Should You Buy OrganiGram in May?

Smaller Canadian cannabis companies have often been ignored this year while the bigger ones like AphriaTilray, and Canopy Growth are grabbing all the attention. Aphria and Tilray’s mega-merger, which closed this month, was the highlight of the industry at the start of 2021. Meanwhile, Canopy Growth is working hard to…

lead the market for cannabis beverages, a new form of recreational cannabis derivatives that Canada legalized in October 2019 as part of “Cannabis 2.0.”

OrganiGram Holdings (NASDAQ:OGI) is a smaller company by market capitalization, with a market cap of just $787 million compared with Canopy Growth’s $8.7 billion. Its second-quarter fiscal 2021 results were a tad disappointing, but its efforts to grow cannot be ignored. Its wide range of popular and innovative cannabis products could help it flourish over the long term, making it a fascinating stock to invest in. However, there are other factors to consider before you dive in to buy the stock this month. Let’s take a look. 

OrganiGram’s financials could pick up

OrganiGram’s second quarter ended Feb. 28, and results weren’t wonderful. Revenue declined 37% year over year to 14.6 million Canadian dollars — not a good sign when cannabis sales have been progressing amid the pandemic, particularly after cannabis was declared as an “essential item” in Canada. The company said pandemic-related production and processing disruptions affected revenue, and the decline in wholesale revenue and lower prices for its products also contributed to the dip.

As a result, the company reported negative adjusted earnings before interest, taxes, depreciation, and amortization (EBITDA) of CA$8.6 million, a more than 14,000% increase from the negative adjusted EBITDA of CA$59,000 it posted in the year-ago period.

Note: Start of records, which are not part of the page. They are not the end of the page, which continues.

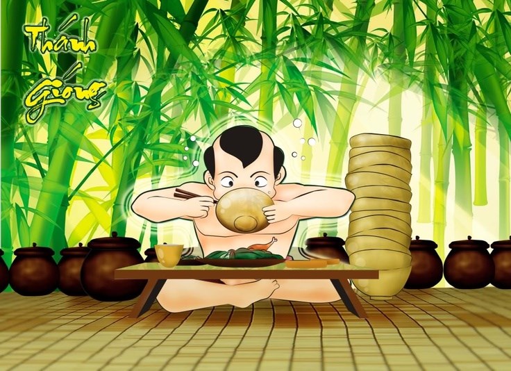 Càng lạ hơn nữa, sau hôm gặp sứ giả, chú bé lớn nhanh như thổi. Cơm ăn mấy cũng không no, áo vừa mặc xong đã căng đứt chỉ. Hai vợ chồng làm ra bao nhiêu cũng không đủ nuôi con, thành thử phải chạy nhờ bà con, hàng xóm. Bà con đều vui lòng gom góp gạo thóc nuôi chú bé, vì ai cũng mong chú giết giặc, cứu nước.
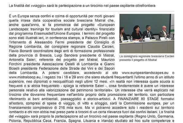 European Landscapes BSOGGI 14.11.18 in allegato l'articolo del Bresciaoggi del 14 novembre 2019 di presentazione del progetto EuropeanLandscapes
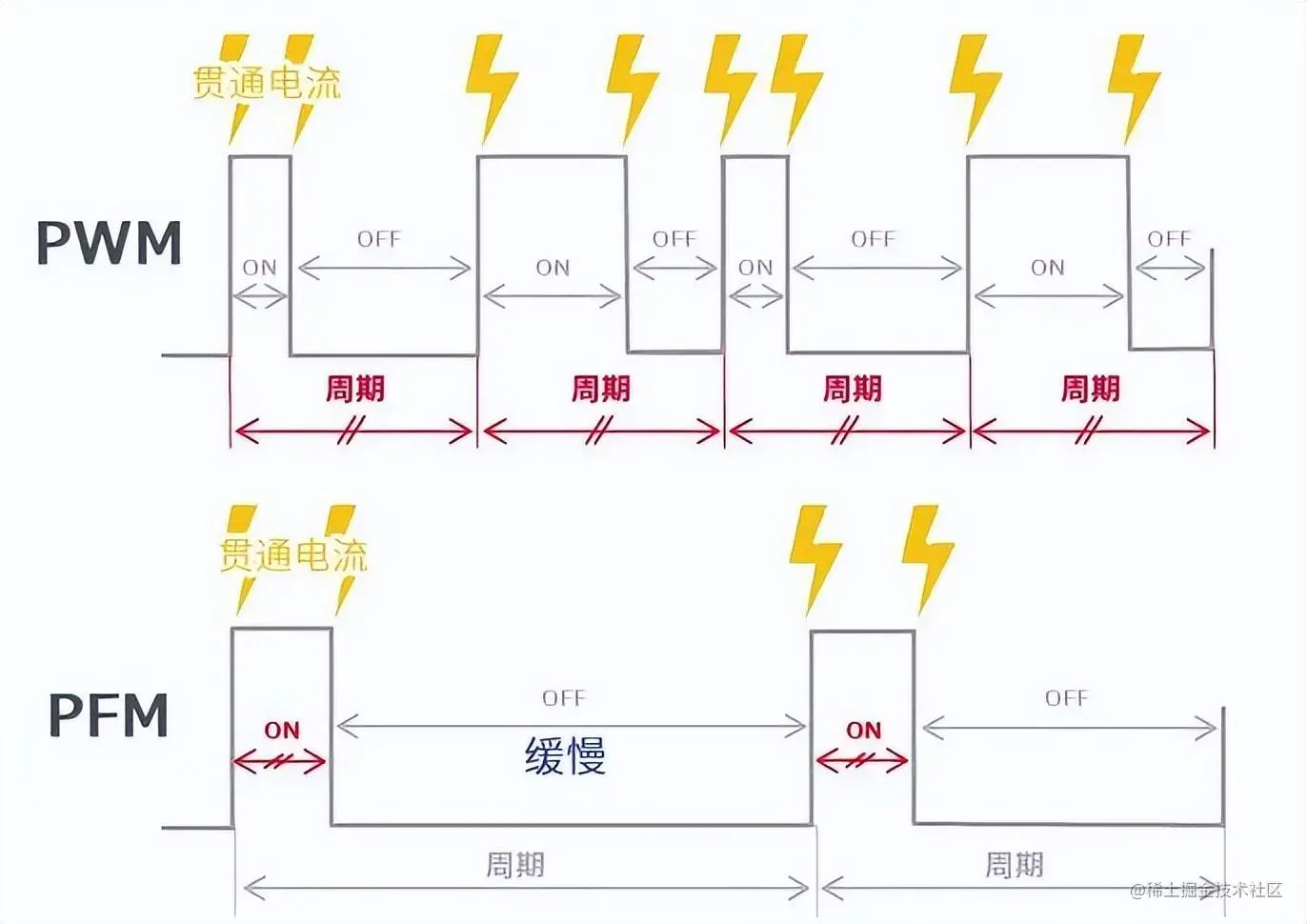 PFM方式根据输出电流量改变频率,效率较高,但开关时会不定期发生噪音。这种频率无法确定的噪音很难消除,要解决噪音,采用频率恒定的PWM方式更容易操作。
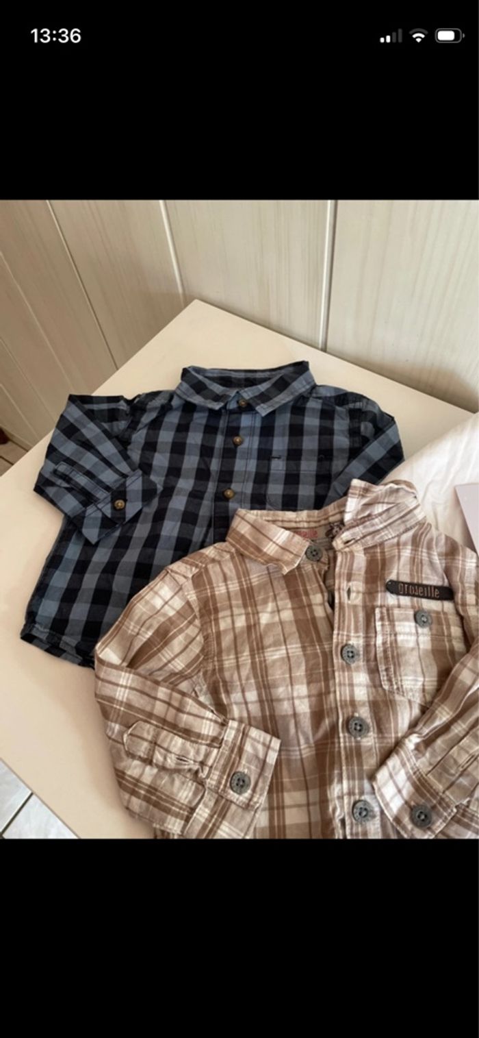 Lot 2 chemises manches longues 18 mois

Net losses also came in higher at CA$66.3 million compared to a net loss of CA$6.8 million in Q2 fiscal 2020.

Just a few days after the results, the company announced its CEO, Greg Engel, would be stepping down but would continue as a special advisor to the board of directors through a transition period. Meanwhile, the board’s chairman, Peter Amirault, will serve as interim CEO until the company fills the position permanently.

A sudden leadership change makes investors skeptical. However, every CEO has a unique way of running a company, and a new CEO might bring changes that could benefit the company over the long term. We will have to wait and see.

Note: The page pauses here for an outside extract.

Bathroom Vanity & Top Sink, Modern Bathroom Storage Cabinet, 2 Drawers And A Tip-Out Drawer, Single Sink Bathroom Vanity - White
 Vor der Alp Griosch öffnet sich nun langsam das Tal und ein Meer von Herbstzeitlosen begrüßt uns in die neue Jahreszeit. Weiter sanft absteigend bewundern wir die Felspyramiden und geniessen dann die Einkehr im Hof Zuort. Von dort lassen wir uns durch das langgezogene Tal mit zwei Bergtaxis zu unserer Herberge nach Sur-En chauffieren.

Management believes in innovation

What I find appealing about OrganiGram is its interest in adapting different technologies to develop innovative products. In 2018, the company entered into a strategic investment deal of $10 million with Hyasynth Biologicals, a Montreal-based biotech company that uses a process called biosynthesis to produce cannabinoids more cheaply and efficiently. Besides OrganiGram, only peer Cronos has adapted this technology to produce cannabinoids.Departing CEO Engel noted that”this technology has the potential to change the cannabis landscape.”